What does all of this mean for tax advisers?
The reforms have involved complex new laws and policies that regulate
the collection, use, and disclosure of tax information. These new laws
and policies have created, in turn, the need for professional advice on
the management of tax data. The result is a new (or newish) area of tax
practice, a subspecialty that mixes traditional law or accounting
matters with the complex technology issues related to, for example,
enhanced privacy and data protection needs and the new international
administrative agreements that have arisen in response to the
globalization of personal data.
Technological developments related to tax data include big data, data
analytics, artificial intelligence, and blockchain. Governments
increasingly use these tools to promote tax enforcement. The CRA, for
example, uses a data analytics program to detect undisclosed offshore
income. In response, the Big Four accounting firms (KPMG, PwC, Deloitte,
and Ernst & Young) may react to this development by trying to
reverse-engineer the government's audit technologies to better guard
their business clients against the risk of audit. (For example, a
taxpayer could identify a "red flag" that will get spotted by government
software and take steps to avoid this issue when engaged in tax
planning.) Business taxpayers can also deploy the new technologies to
help manage their tax functions (such as the use of big data and
artificial intelligence to help calculate arm's-length prices), and to
enhance overall efficiency and compliance.
As detailed above, the automatic exchange of big data under the CRS and
CbCR raises concerns about taxpayers' privacy and about governments'
access to trade secrets and other commercially confidential information.
Therefore, tax advisers practising in this area need to have an
understanding of privacy and data protection laws that goes beyond the
Income Tax Act; they need to be equipped to discern, for example,
whether a client's data were lawfully collected.

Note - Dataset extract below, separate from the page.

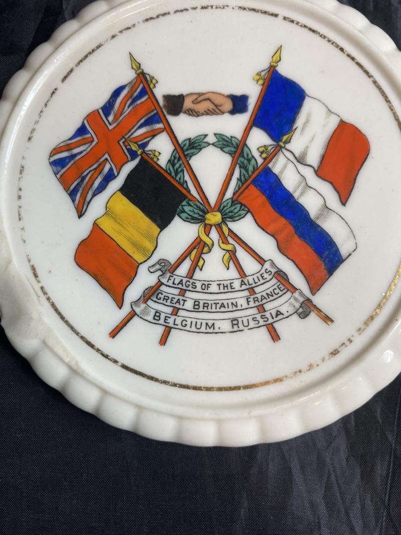 This is a WW1 Flags of the Allies Porcelain plate, Approx. diameter is 12cm, there is a small chip in it, otherwise in nice condition.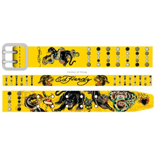HOT ! ED HARDY Men's 38mm Panther & Snake Print Studded Dual Prong Buckle Belt

A relevant statute in
this regard, for instance, is the Personal Information Protection and
Electronic Documents Act, which governs how information is collected in
the private sector and mandates that businesses must receive a
customer's consent before collecting that individual's personal
information. Another statute, the Privacy Act, governs how federal
government agencies, such as the CRA, can lawfully share personal
information, including taxpayer data, with other agencies. When should a
taxpayer accede to a tax authority's or other government official's
demand for information? Should the government, in its efforts to secure
taxpayers' information, be able to rely on tax data stolen during data
leaks? As governments seek ever more access to tax information,
taxpayers, not surprisingly, are increasingly concerned with maintaining
solicitor-client privilege in dealing with their legal advisers.

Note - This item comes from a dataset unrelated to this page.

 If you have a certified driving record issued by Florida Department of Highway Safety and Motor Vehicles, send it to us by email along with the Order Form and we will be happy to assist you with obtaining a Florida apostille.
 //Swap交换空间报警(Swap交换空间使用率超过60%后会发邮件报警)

A final area of concern for tax advisers is the intricate new global tax
administration agreements that are being overlaid on an already complex
system of law. The administrative agreements that govern the CRS and
CbCR help determine what data can be legally collected and what privacy
and technology protections must be in place before any cross-border
exchange of information can occur. Tax advisers need to vet these
agreements and determine whether the taxpayers they serve will require
new cross-border business structures in order to remain compliant. In a
world where data is the "new oil," tax advisers are increasingly called
on to promote and protect their clients' interests by advising on the
collection, use, and disclosure of tax information.